If you find yourself relating too much to the this situation, you should consider overhauling your principles. Dominate procrastination through the help of these tips:
The first thing you should learn to do is to pace yourself. There will be times where your workload will suddenly triple, out of the blue, with little to no warning. To both the uninitiated and veterans alike, this can prove to be quite the overwhelming and daunting circumstance. In fact, it is at these types of situations, where mountains of work can easily induce despair, that we begin to succumb to procrastination.
The most common response mechanism is to delay the task at hand. Needless to say, this will not make the problem go away. This is exactly like resulting to alcohol for the purpose of numbing problems away. While the consequent drunken stupor indeed does make the issues go away for some time, it will inevitably resurface.
The trick to solving this dilemma lies in establishing consistent workflow. Take the project and break them apart into smaller tasks, and then proceed to work on these tasks on a pace most comfortable for you. This should prevent you from getting overwhelmed by such a difficult task or too many tasks. The speed of your work (don’t get me wrong; while indeed important) doesn’t really matter that much, for as long as input is constant. Sooner or later, as your completed minor tasks pile up, you’d be surprised that you’re close to completing your entire goal.
Equally important is knowing when to take a break. While it may seem easy to rationalize compromising break times so that you can maximize your time for work, it is actually quite counter-productive to do so. How so? Taking breaks is actually an application of the understanding that human beings are of limited capacity. Much like batteries, we drain out and require constant charging, through rest, in order to function at maximum efficiency physically and mentally.

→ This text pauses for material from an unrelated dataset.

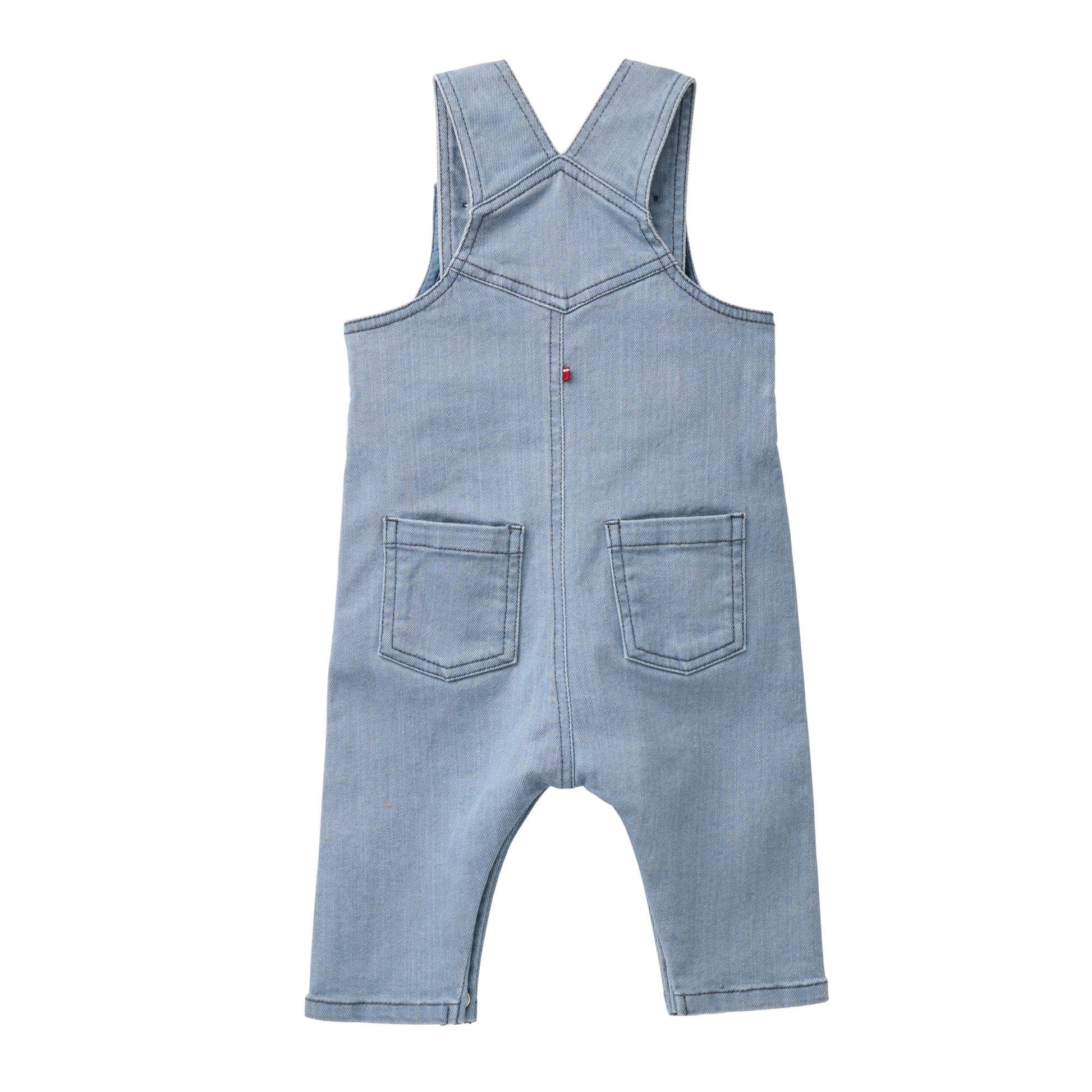 Hängselbyxor i blågrå stretch-twill. Ett bra plagg för små äventyrare som börjat krypa eller springa omkring. Sitter bra på plats utan något som klämmer åt eller skaver i midjan. Lite rejälare än mjukisbyxor men samtidigt bekväma och följsamma tack vare några procent elastan i tyget. Dubbla knappar på hängslena så att byxorna kan växa med barnet. Tryckknappar ner längs båda benen så att man kan öppna helt förenklar blöjbyte.

Simply put, don’t compromise your break time; you need to recharge from time to time. In fact, in many countries, governments actually have it in law to require break times for workers. The implication is that you are actually (technically) required by law to take a break!
Conquering procrastination is not just for the purpose of maximizing work efficiency, it is also an effort for general life improvement, and would also reflect in the actions you take and commit to in your personal life. Not only enable you to practice proper time management, it will develop a good sense of security by minimizing the disbelief in your abilities in tackling tasks in the face of pressure and difficulty.